The ski field image has many problems, and can bring great influence to image clustering. Such as: the target person in the field of view is small due to the problems of the angle and the distance of shooting; illumination change in one day in snow season has great influence on the image shooting effect; the occlusion of the snow cap and the snow goggles makes the face identification difficult, and other features need to be extracted for clustering; the uncertainty of the number of skiers results in the inability to perform fixed category number clustering on all images, etc. The key point of the cluster retrieval problem of the ski field images is to extract effective characteristics of skiers and feed back proper images to users according to the requirements or operation habits of the users. Therefore, the invention provides an image clustering retrieval system.

Disclosure of Invention

In order to solve the problems in the prior art, namely the problems that the clustering accuracy is low due to the randomness and uncertainty of image shooting in specific activities and the retrieval difficulty is large due to the image retrieval carried out according to the time axis, the invention provides an image clustering retrieval system, which comprises one or more clients and a server; the client is connected with the server and comprises an image retrieval module and/or a character retrieval module and/or a browsing information retrieval module; the server comprises a database;

the database is configured to acquire and store a plurality of images of a plurality of target persons in a specific activity, perform image clustering on the target persons by an unsupervised clustering method, acquire a cluster image set of each target person, and acquire a color label of a set part corresponding to each target person in each cluster image set and a feature vector corresponding to each target person;

the image retrieval module is configured to match the input person image with the clustered image set of each target person in the database to obtain a clustered image with the maximum matching degree;

the character retrieval module is configured to acquire a cluster image set of target characters matched with the character retrieval module in the database based on the input color information of the set part;

the browsing information retrieval module is configured to obtain the attention degree of the image browsed by the user according to a set attention degree calculation rule, and obtain the cluster image set of the target person matched with the attention degree in the database according to the image of which the attention degree is greater than a set threshold value.
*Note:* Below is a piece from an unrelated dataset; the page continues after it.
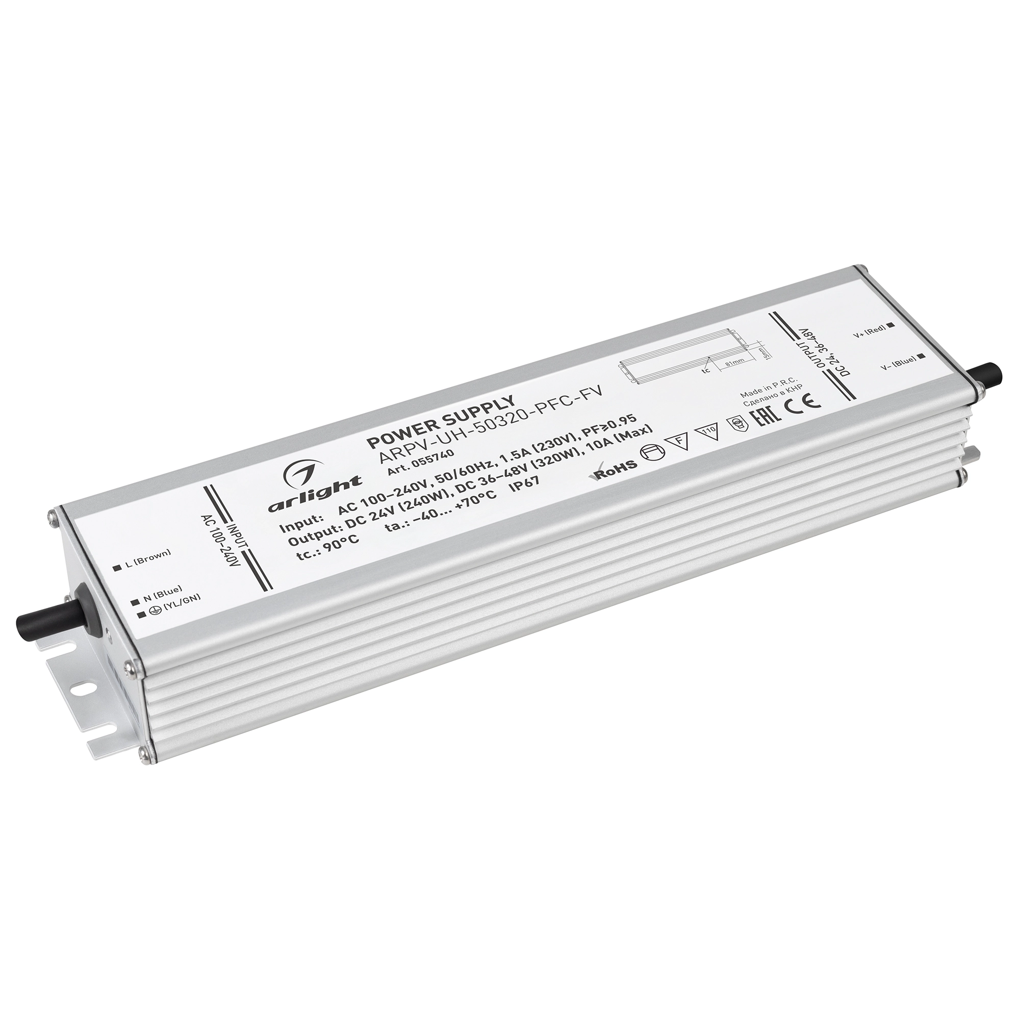 Регулируемый источник напряжения гальванической развязкой для светодиодных изделий. Входное напряжение 100-240 VAC. Выходные параметры: 24В 240Вт, 36-48В 320Вт, 10 А max. Переключение напряжения 24-36-48В с помощью кнопки на корпусе. Подстройка с шагом 0.5В. Встроенный PFC >0,95. Герметичный алюминиевый корпус IP 67. Рабочая температура -40…+70C⁰. Габаритные размеры длина 281 мм, ширина 68 мм, высота 38.5 мм. Гарантийный срок 7 лет.

In some preferred embodiments, "clustering images of the target person by an unsupervised clustering method" is performed by:

respectively extracting the feature vectors of a plurality of images of a plurality of target characters, and performing dimensionality reduction processing to obtain low-dimensional feature vectors corresponding to the images;

acquiring the clustering centers of the feature vectors of the images of each category in the database, calculating the distance between each low-dimensional feature vector and each clustering center, if the distance is smaller than a preset distance threshold, judging the images of the same category, and updating the value of the clustering center corresponding to the images of the category; otherwise, the value of the low-dimensional feature vector is used as a new clustering center.

In some preferred embodiments, the method of "extracting feature vectors of a plurality of images of a plurality of target persons, respectively, and performing dimension reduction processing" includes:

extracting the feature vectors of a plurality of images of a plurality of target persons based on a convolutional neural network, and performing dimension reduction processing on the feature vectors of the images through an autoencoder.

and obtaining color histograms of all parts of the target person in the multiple images of the multiple target persons based on the convolutional neural network, and performing dimension reduction processing on the color histograms through a Principal Component Analysis (PCA) algorithm.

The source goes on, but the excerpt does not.